¡Yo también quiero ser un botijo!
He releído el artículo de Diego, Quiero ser un botijo.
¡Qué buena metáfora!:
Para el proceso de enfriamiento del agua –señala Diego- “…se necesita una Energía, la cual obtiene (el botijo) del calor del agua que contiene”.
Energía pues, que se genera en su interior.
“Resumiendo –continúa diciendo nuestro amigo-: efectúa su trabajo desde el interior en la absoluta quietud, silenciosa y humildemente. No se juzga a sí mismo, ni juzga a otros botijos…”, aunque se hayan fabricado en zona más tradicional y por manos más afamadas.
No opina, no califica, simple y llanamente, cumple con su cometido.
A eso es a lo que los antiguos egipcios daban el nombre de inteligencia, a cumplir el cometido para el que algo o alguien ha sido creado. Un cerezo es inteligente porque da cerezas, un botijo es inteligente porque usa de su propia energía interior para lo que es su razón de ser: enfriar el agua.
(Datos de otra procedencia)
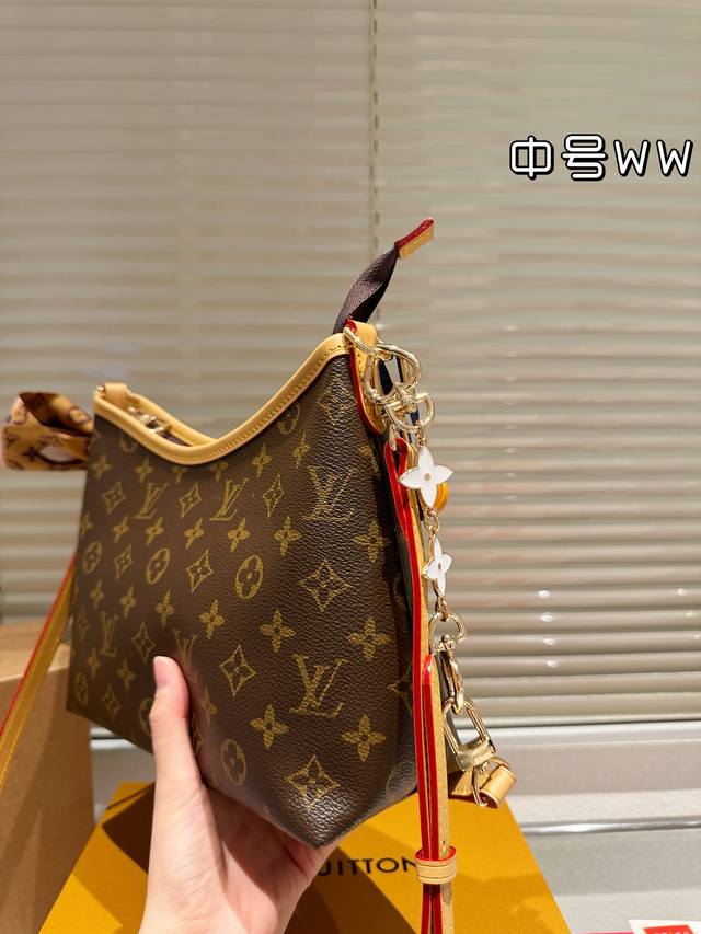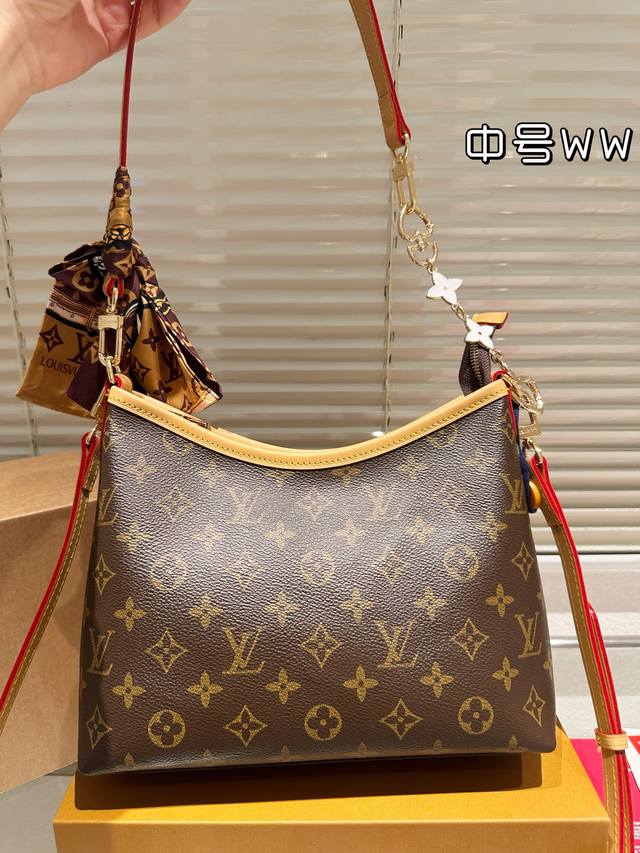 Medium-sized Louis Vuitton Hobo Bag (leather version), a classic moon bag, slightly larger than a shoulder bag. Size: 25 cm.

Cumple fielmente con el cometido para el que se creó.
¡Yo también quiero ser inteligente, al menos como un botijo y cumplir eficazmente mi designio!
Llevo unos días dándole vueltas a una noticia dada en TV., a las declaraciones de una mujer colombiana que andan rodando por las redes y a los mensajes de uno de los llamados “negacioncitas” que me llegan por Whats App con insistente frecuencia. Seguramente quien me los envía quiere convencerme de sus ideas. Yo respeto todas las ideas ¡hasta las suyas! Por eso pido disculpas anticipadas por si mis palabras llegan a ofender a alguien. Nada más lejos de mi intención. Estas reflexiones van destinadas a aquellos que han practicado y practican aikido en nuestra escuela.Por algún motivo que desconozco siento que forma parte de mi obligación compartirlas con vosotros. ¿Por qué canta el pájaro?…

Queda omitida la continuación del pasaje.